Sony BDP-S490 3D Blu-ray Player Review
Sony's entry level 3D player proves a smart choice
Last year's equivalent model, the BDP-S480 proved something of a disappointment with its unnecessary manipulation of the video signal marring what was otherwise a very capable player. If Sony can keep their hands off the signal, the S490 represents an opportunity for redemption, blending a host of features along with 2D and 3D Blu-ray playback as well as providing 'upscaling' for standard definition DVDs. With prices online typically below the £100 point, there's potentially a lot on-board for your money, so let's see how Sony's latest smart Blu-ray player stacks up.
The Sony BDP-S490 is their latest product to succumb to the newly rounded PS3 look and it looks very sleek as a result. On closer inspection, the budget nature of the S490 reveals itself in its all-plastic construction and lightweight feel. We did rather like the compact remote control included which, despite its size, managed to make all the buttons easily accessible. For a budget player, connectivity is good but don’t go expecting dual HDMI output or multi-analogue audio outs.
Somehow we don’t find Sony’s XMB bar such a chore on their boxes as we do on their TVs and it was easy enough to find all the important settings in the GUI. Further video settings can be accessed during playback via the Options button on the remote, although we’d advise leaving the Picture Viewing Mode, as is, to ensure the most clean representation of the video signal. It is, however, best to turn off the noise reduction features in there.
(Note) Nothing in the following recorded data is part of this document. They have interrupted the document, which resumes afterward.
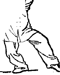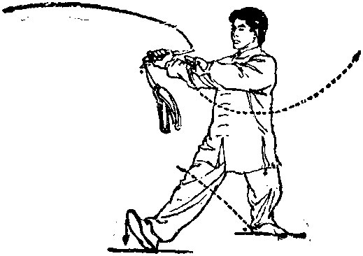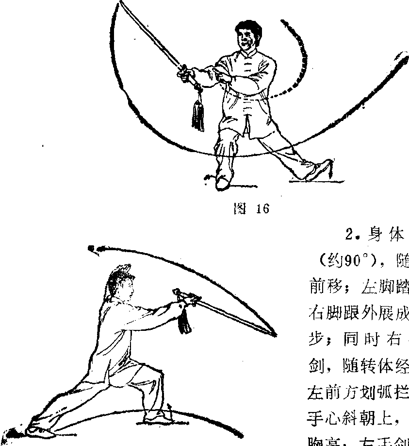1 ?右腿屈膝半蹲,上体略左转,左脚向左落步,脚跟着地; 同时右手握剑以腕关节为轴使剑尖在体前顺时针划一圆弧: 左手剑指附于右前臂内侧,手心朝下多目视剑尖方向(图16).
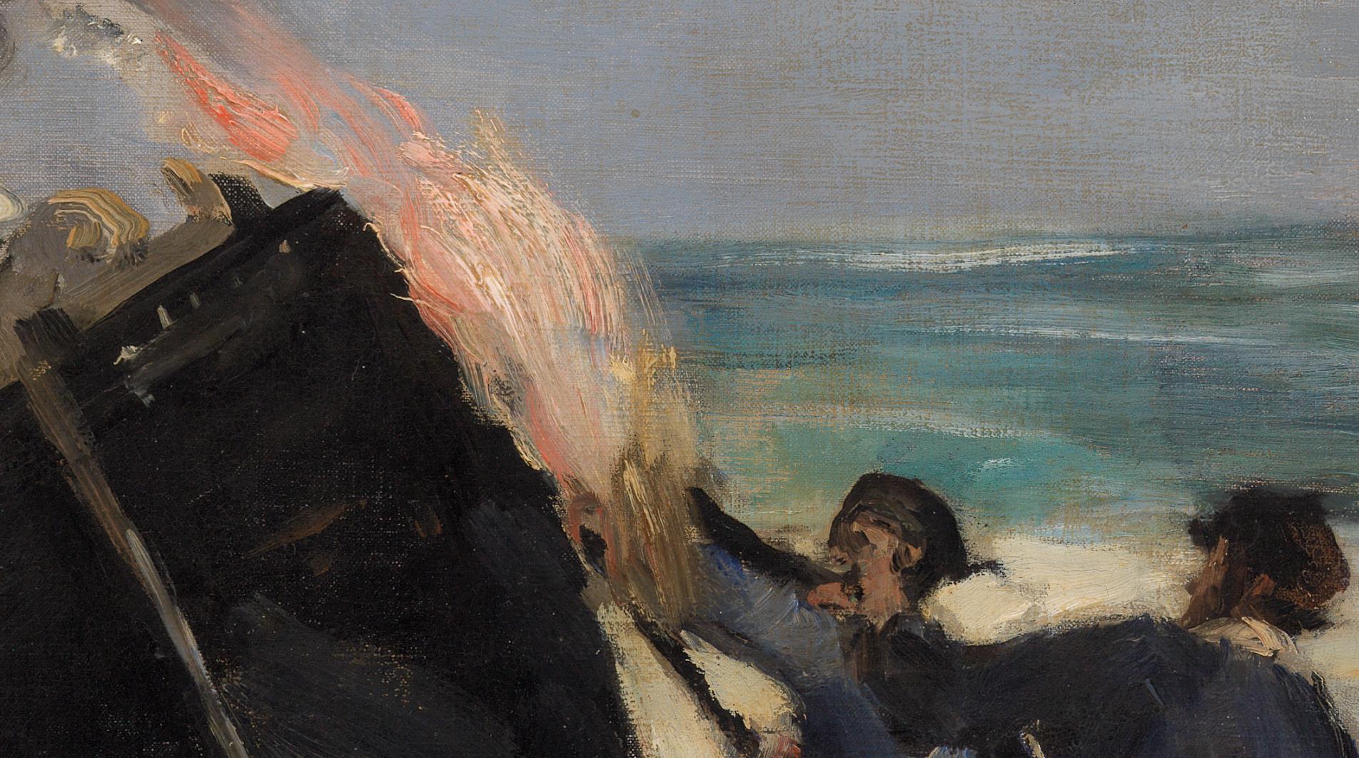 Édouard Manet painted this scene in 1873 while on a visit to Berck-sur-Mer, France, a fishing village on the Channel coast, with his family. Without a port to shelter their boats, fishermen in Berck beached their vessels in the sand along the water. Here, they are applying flaming tar to a boat to protect it from dampness while they are ashore. (Barnes)
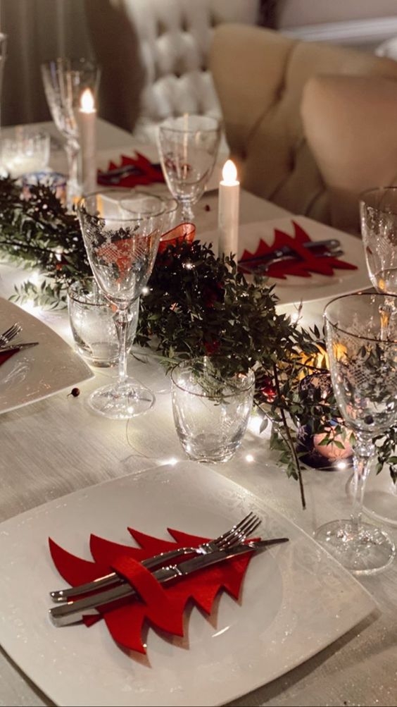 Ainda na mesa posta, para dar um charme todo especial, sem precisar fazer um mega investimento, minha dica é fazer um porta talher no formato de árvore de natal de feltro. Não! Você não precisa ter habilidade artesanal nenhuma. Basta saber recortar e pronto! Só imprimir o molde de árvore e recortar no feltro vermelho ou verde e pronto. Fica lindo demais.

Sony’s continued effort to bring as much VoD content as possible to their smart offerings is one we welcome. There’s over 30 pre-loaded on the XMB, including the big guns of BBC iPlayer, YouTube, Netflix and LOVEFiLM but much more besides. Sony’s Media Remote app for Android and iOS is amongst – if not the - best of the bunch and offers full control of the player through a simplified or full interface. Media streaming proved very capable once we turned to Sony’s tweaked version of Servio, Homestream, but was a bit of a disaster with every other player we tried which needs attention.
All the VoD services in all the world aren’t really worth a damn if a Blu-ray player can’t fulfil its primary purpose of showing disc based content in all its glory and the BDP-S490 didn’t disappoint here. Not only did we run through a few of our reference discs but we also got out the measuring kit to confirm that the Standard Picture mode adds almost nothing in influence to 1080p material and keeps it faithful to what the content providers intended. The S490 also handled interlaced content extremely well, in both High Definition and boring old SD, ensuring your DVDs and Blu-ray music concerts are handled with due care and attention.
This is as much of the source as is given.